Réaliser la jonction dans une classe inférieure à celle de la bande
Une bande résistante à la chaleur correctement classée, avec une jonction ordinaire, faillit à la jonction. Sur une ligne chaude, le joint vulcanisé doit employer des matériaux de jonction résistants à la chaleur accordés à la classe de la bande. La jonction est l'endroit où une spécification résistante à la chaleur est le plus souvent silencieusement dégradée — et elle devient le point de rupture.
QUESTIONS FRÉQUENTES
Que signifient réellement les classes T1, T2, T3 et T4 ?
Elles sont définies par une température d'essai de vieillissement thermique en laboratoire : T1 jusqu'à 100°C, T2 jusqu'à 125°C, T3 jusqu'à 150°C, T4 jusqu'à 175°C. La classe décrit le comportement du mélange de revêtement sous un essai thermique normalisé. Ce n'est pas la température du produit que la bande transporte en service, généralement plus élevée car la surface de la bande travaille plus froide que le produit posé dessus.
Quelle température une bande résistante à la chaleur transporte-t-elle réellement ?
Les classes supérieures sont conçues pour des températures de produit continues jusqu'à environ 180°C, avec des pics de courte durée jusqu'à 250°C pour de brèves excursions telles qu'un bloc de clinker chaud. La valeur continue est celle sur laquelle concevoir ; le pic est une limite de survie, non une condition de marche.
Quelle différence entre température continue et de pic ?
La continue est la température du produit que la bande peut transporter toute la journée sans se dégrader. Le pic est une température qu'elle supporte brièvement sans que le revêtement ne se décolle de la carcasse. Une bande dont le service continu est fixé égal à sa valeur de pic faillira tôt — laissez toujours le pic comme marge pour les excursions, pas comme point de fonctionnement.
Pourquoi la surface de la bande travaille-t-elle plus froide que le produit ?
Parce que le produit ne repose que brièvement sur la bande avant d'être déchargé, et que le revêtement isole la carcasse de la chaleur au-dessus. C'est pourquoi une bande testée à ≤150°C peut être apte à des températures de produit jusqu'à 180°C. C'est aussi pourquoi le temps de contact et la vitesse comptent — une bande lente sous produit chaud chauffe plus qu'une rapide.

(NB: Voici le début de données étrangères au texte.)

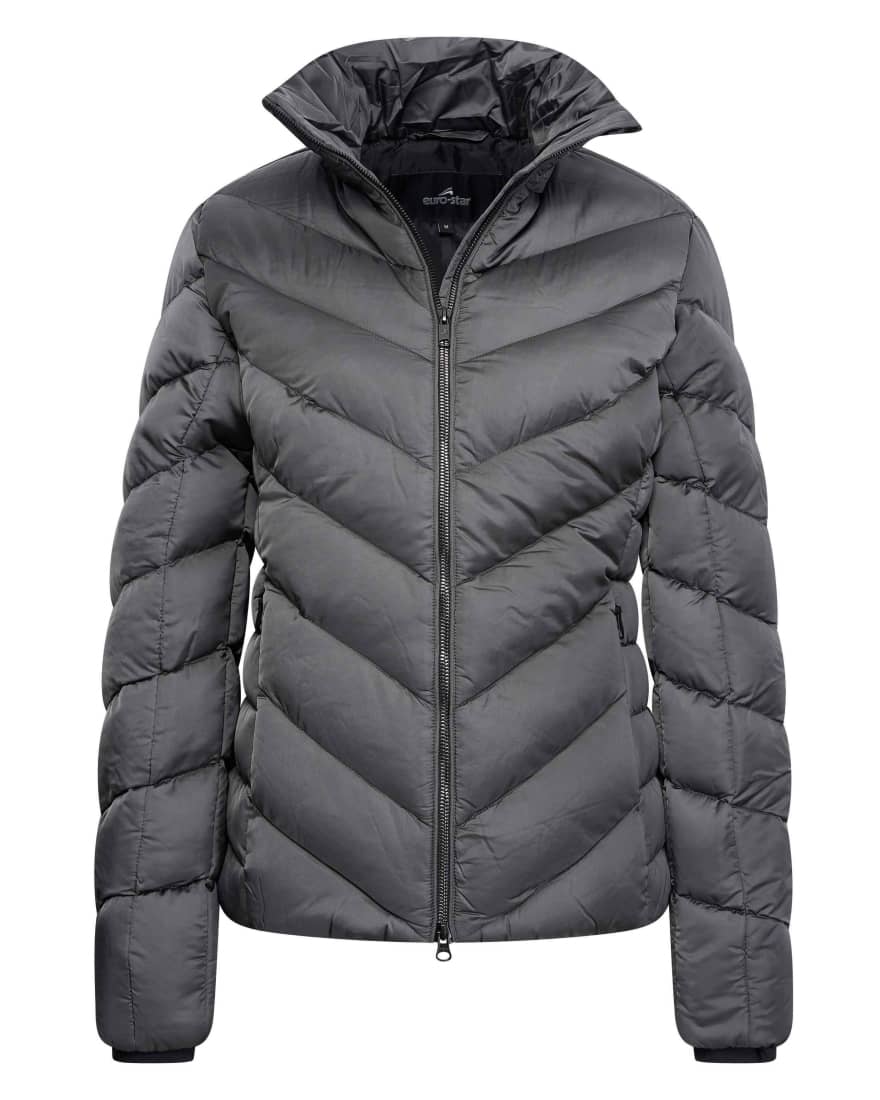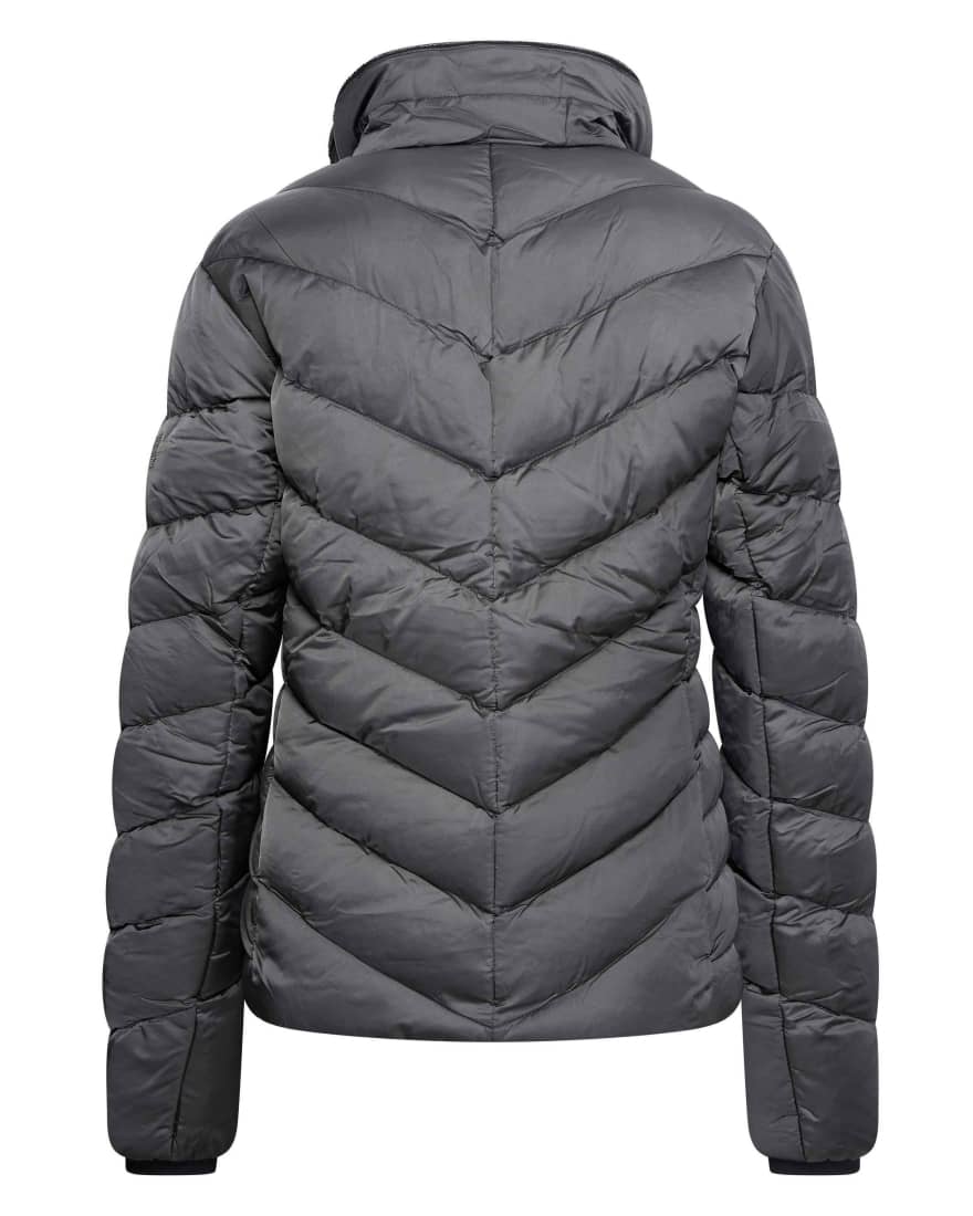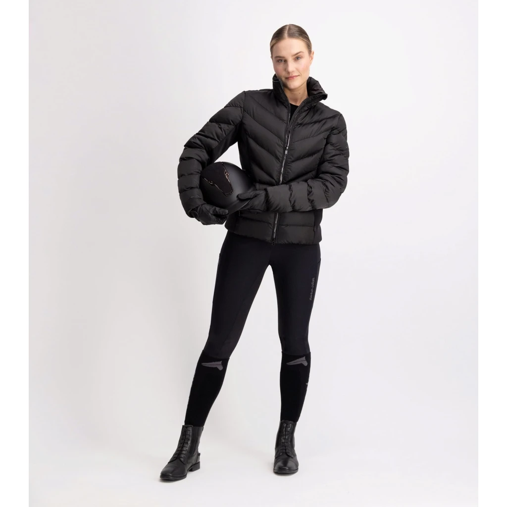 Стеганая куртка с чистыми и элегантными линиями, подчеркивающими фигуру. Ткань с перламутровым отблеском. Двусторонняя молния с ветроуловителем. Два кармана на молнии спереди. Лента со стразами вдоль линии шва на воротнике, придающая легкое мерцание. Логотип со стразами на левой руке. Внутренние манжеты с отверстиями для больших пальцев. Принт с логотипом в тон на манжете.

La carcasse doit-elle être résistante à la chaleur, ou seulement le revêtement ?
La résistance à la chaleur est avant tout une propriété du revêtement — l'EPDM et les mélanges spécialisés résistent au vieillissement thermique là où le SBR standard durcirait et se fissurerait. La carcasse est protégée par le revêtement et par une épaisseur suffisante de revêtement supérieur. Cela dit, le système d'adhérence de la carcasse et la jonction doivent aussi être réalisés dans la classe thermique, sinon la bande se délamine à la liaison la plus faible.

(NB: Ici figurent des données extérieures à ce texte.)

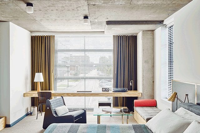 Having worked with Ace on a handful of properties, Commune founder Roman Alonso wanted to “tap into Chicago’s modernist past” for the brand’s latest hotel, with architecture referencing the work of Mies van der Rohe. Alonso chose materials like linoleum on bars and countertops and chrome tubing for furniture that highlight the industrial theme, including stained or lacquered plywood instead of traditional wooden panels. Local artwork from Chicago’s Volume Gallery pepper spaces throughout the hotel, while drawings and paintings from students at the Art Institute of Chicago adorn the 159 guestrooms, which boast striped bed throws, built-in benches, contemporary seating, and metal racks for hanging everything from clothes to guitars.
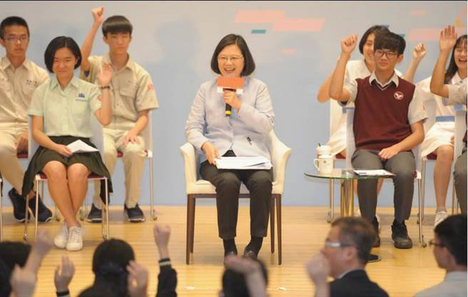 蔡英文12日與臺灣高中生座談。(圖片來源:臺灣“中時電子報”)
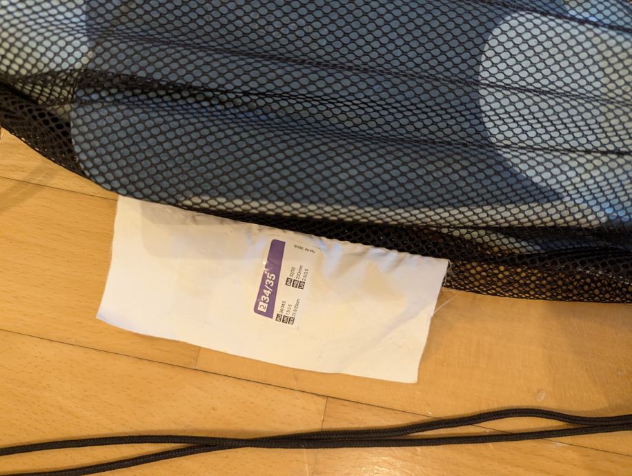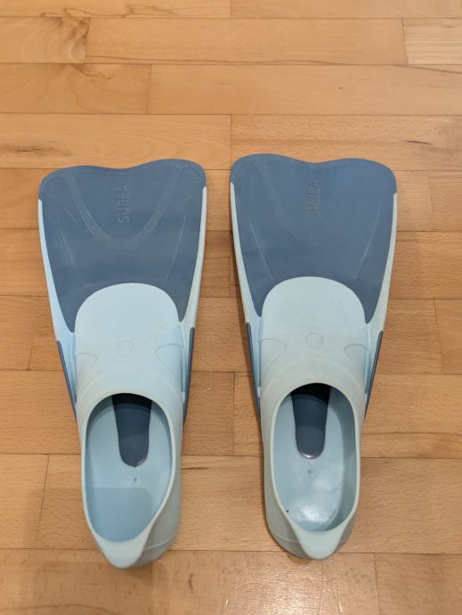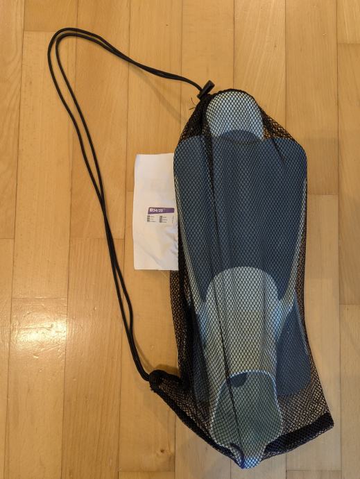 Dječje peraje u original mrezastoj torbici. Deklarirano broj 34/35. Prsti su otvoreni, peta zatvorena, ide i za 36 bez problema. Lagano se obuvaju, kratki model, moze za plivanje i ronjenje. Koristene, ispravne.
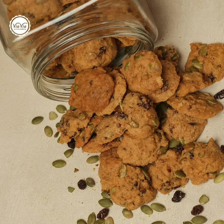 ViaVia Artisan Bakery is widely loved in Yogyakarta for its wholesome, handcrafted cookies that blend natural ingredients with authentic flavor. Known for its artisanal approach, ViaVia offers a variety of cookies that are freshly baked and full of character — from classic butter cookies to creative, hearty options.

Puis-je employer une bande résistante à la chaleur sur un convoyeur normal (froid) ?
Vous le pouvez, mais c'est de l'argent gaspillé. Les mélanges résistants à la chaleur coûtent plus cher et sont choisis pour leur comportement thermique, non pour leur résistance à l'usure ou à la coupure à froid. Sur un convoyeur à température ambiante, une bande standard résistante à l'abrasion est moins chère et souvent mieux adaptée. Ne spécifiez la résistance à la chaleur que là où la température du produit l'exige réellement.